Monday, August 18, 2008

In God's Hands

I have a lot of anxieties. In fact I’m a rather anxious person by nature. I worry about just about everything. So pretty much as soon as I when through clearness a little under a year ago for a call to ministry through writing I began to worry. My worries weren’t really founded in anything in particular, but they did cause me to pretty much freeze up inside. For a few months I totally spiritually froze refusing to open up to God at all in anyway without realizing that was what I was doing. I was like a small child curled up in bed under the covers in terror; terror of my calling and terror of the fact that I had publicly acknowledged that calling. Slowly though, through prayer and the ministry of other Friends I began to uncurl. Still my writing remained difficult and rare. Where as before my clearness committee my writing flowed through me much as vocal ministry in meeting did, after my clearness committee writing became slow and painful with me second-guessing myself at every step. What I should have done was seek out other Friends to help guide and elder me through my fears, but even the prospect of that was frightening. So I decided this fear of my own gifts and callings was going to have to be between myself and God. If God wanted my to minister in that way then God would have to see me through my fear so I could do it. I still attended Quaker functions, I still participate in Quaker life, I still spoke in Meeting, I still conversed with Friends but part of me, the part of me that my writing had come out of seemed to be listening instead of speaking. Slowly, over time my fear lessened. I began to write. At first the writing took the form of poetry, my first love. Over time though I began to write more like I had before I went through clearness. At Baltimore Yearly meeting I wrote three articles and edited an earlier piece within a twenty-four hour period. The writing I did then was incredibly easy, flowing through me almost faster then I could write it down. I was also filled with the overwhelming sense that what I was writing was Truth as I experienced it. At the end of writing one piece I sat back and realized I had no anxiety about what I had written. I did not feel the need to second-guess myself, or worry about how others would perceive my message; I had been faithful that was all that mattered. To me writing is serving God and if we trust serving God is our greatest

Thursday, August 7, 2008

Stewards of Christ

“But be doers of the word, and not merely hearers who deceive themselves”(James 1:22)
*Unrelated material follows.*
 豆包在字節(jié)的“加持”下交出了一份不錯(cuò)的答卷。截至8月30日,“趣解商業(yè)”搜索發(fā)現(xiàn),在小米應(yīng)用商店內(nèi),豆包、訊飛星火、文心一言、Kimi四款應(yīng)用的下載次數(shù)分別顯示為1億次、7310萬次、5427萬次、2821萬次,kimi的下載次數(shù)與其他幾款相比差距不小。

I am attending Baltimore Yearly Meeting and once more I am reminded of the message I received throughout the young adult Friends conference in Richmond IN. There has been such an emphasis in these yearly meeting sessions on work taking place over seas, including long discussions in business meeting and interest groups. I had several long discussions with Friends regarding African Friends, and have thought more and more about the nature of the mission work carried out by FUM and Evangelical Friends. Yet the more I think and talk about this work the more a message comes to me. The same message that came to me in Richmond IN. The work we need to do is here. Right now, right here in our monthly, quarterly and yearly meeting.
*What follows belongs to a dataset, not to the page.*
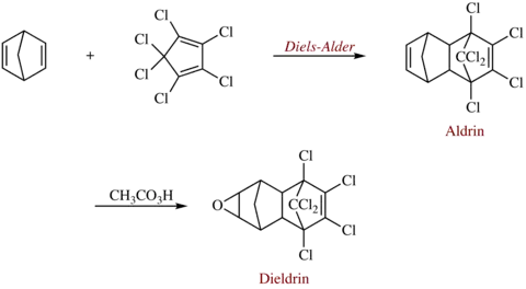 Dieldrin can be formed from the Diels-Alder reaction of hexachloro-1,3-cyclopentadiene with norbornadiene followed by epoxidation of the addition product with a peroxy acid such as peracetic acid.[6]
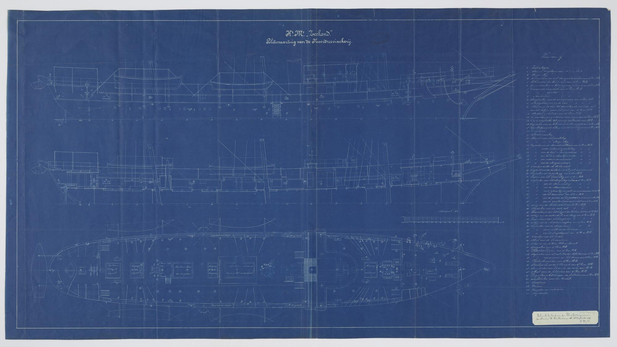Zijaanzicht ; langsdoorsnede en bovenaanzicht van het bovendek van het visserij inspectievaartuig, de schoener Hr.Ms. 'Zeehond'. Gedetailleerde tekening. Accommodatie ; ankerinrichting ; sloepen ; stuurinrichting ; navigatiebrug met kompas ; zoeklicht ; kooienverschansing ; toegangen ; lantaarns ; ventilatiekokers etc (schaal 1:50).

I remember from the Richmond conference one young adult Friend recounted her struggle to acknowledge that her calling was still real and Spirit led even though it would entail work here in America instead of traveling to work abroad as all her other Quaker friends where doing. As much as I think the work we do aboard is wonderful, needful, and truly Spirit led, I wonder how much work within our own American communities both Quaker and otherwise goes undone. I feel we spend so much time concentrating our attention and energy else where that it does not leave us much of either to tackle problems closer to home. I am not advocating us ending our services all over the globe. I just feel a mounting unease. All I ever here of is work friends are doing else where when I personally witness the suffering and need here in America everyday.
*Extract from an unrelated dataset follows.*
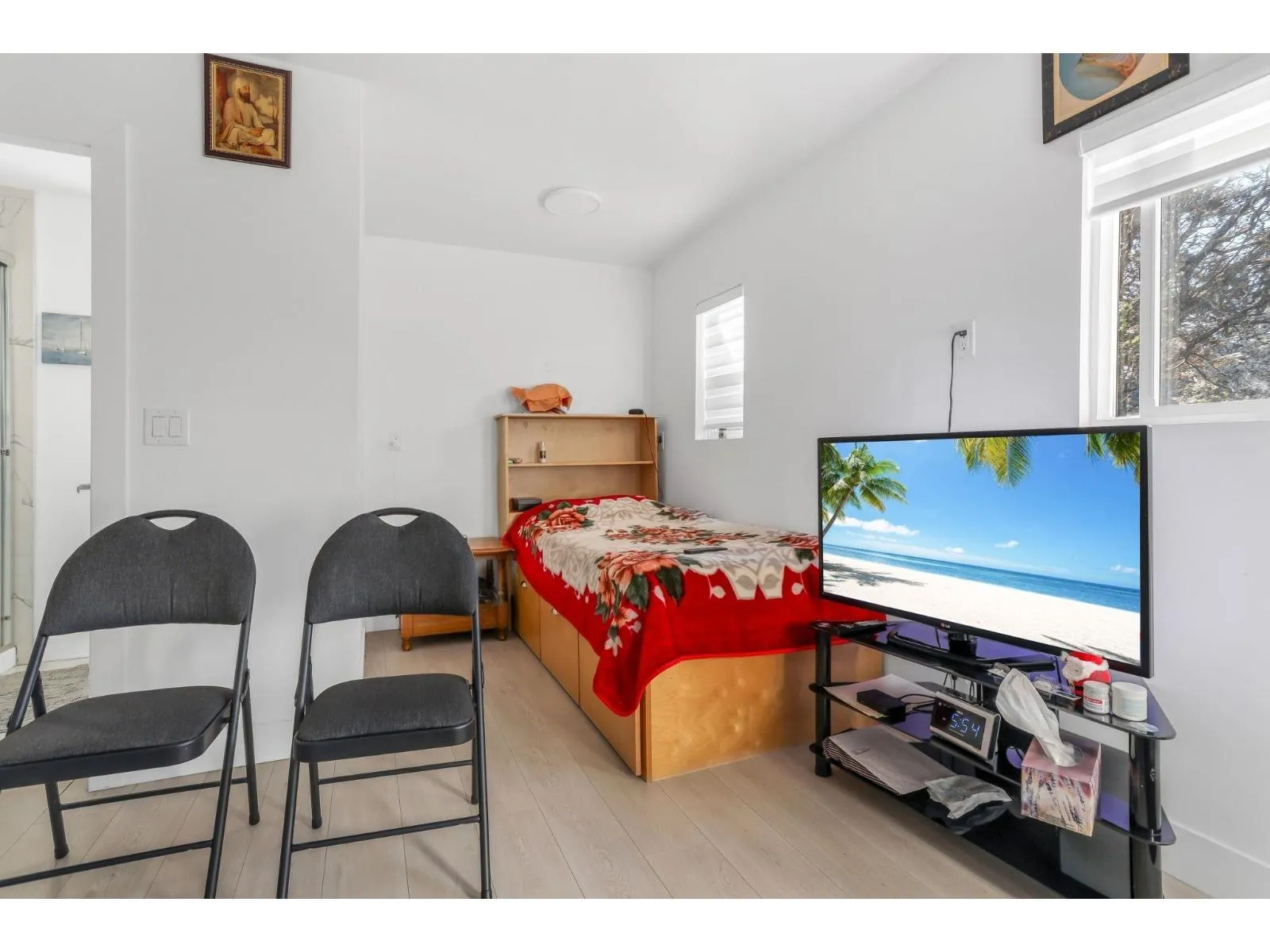 Discover this beautifully renovated ½ duplex on a 5,000 sq. ft.+ fully fenced lot, offering space and privacy with no strata fees. The main floor features a bright, open living room, a generous kitchen & pantry. This duplex offers four spacious bedrooms and three full bathrooms with a bachelor suite potential, Recent renovations include new flooring, kitchen upgrade, fresh paint,

In a list of services Friends where engaged in one Friend mentioned services in America then hastily explained that he was speaking of prison ministry. We are all truly blessed by every Friend who feels and heeds the call to prison ministries, but I wonder about our lack of commitment to other areas of suffering in America. I think it is some times easier for us to pretend, subconsciously, that the only poverty, hunger, death, homelessness, discrimination, and inhuman violence is taking place in other countries not our own. However as we all intellectually know this is not the truth. Yet as we struggle to build the kingdom of God we must reach out to all people at home and abroad. Nor do I think one group more needful then the other.

There is also the issue of the state of the Religious Society of Friends. I find it uncomfortable to watch Friends spending so much time worrying and discussing Friends in African or South America when we have our own troubles and needs here in America. I think dialog between us and Africans Friends is both needful and a blessing but I worry when a whole discussion on FUM only ever focuses the African Friends when there are plenty of FUM Friends here in America. I also feel uncomfortable when Friends spend all there time discussing work abroad and money to be sent abroad while real problems and needs exist within their own Yearly Meeting I feel for the sake of all Friends, the spiritual health of the Religious Society of Friends should be addressed first. I feel it is hard for us to aid others when we are in desperate need of spiritual aid ourselves.

When I was in Richmond IN I received a simple message over and over again. The message was that the real work of the Religious Society of Friends needed to happen at the month, quarterly and yearly meeting levels. That the spiritual well being of the society as a whole could only be preserved by working from these levels, by healing and renewing on a more intimate community level. I also received the very strong message that Friends needed to spend more time working in their own communities at large. We as Friends I believe tend to struggle with the ideals of radical Christian hospitality, and I would like to see more of an emphasis paid to that within our meeting bodies. We acts with such loving, nurturing kindness, and grace towards those in need throughout the world. I would dearly love, and truly wish to see the same grace offered other Friends here in our home meetings and the communities these meeting are located in. May the Spirit of Christ guide us abroad, at home and within our hearts.

Tuesday, July 15, 2008

Water to Wine

This is the first straight out piece of poetry I have ever posted hear. That's kind of hard to believe. This piece came to me after seeing an article by the same name on a GLBTQ Christian website. I also reflected on a religious education group I attend at my local Methodist church back in NY, and how much other Christians have to teach us Friends about being gracious.

Water To Wine
The miracle of water into wine is an image of change that has never really spoken to me until now. I thank and dedicate this piece to every liberal Christian I know, of all denominations. You are not afraid to have faith.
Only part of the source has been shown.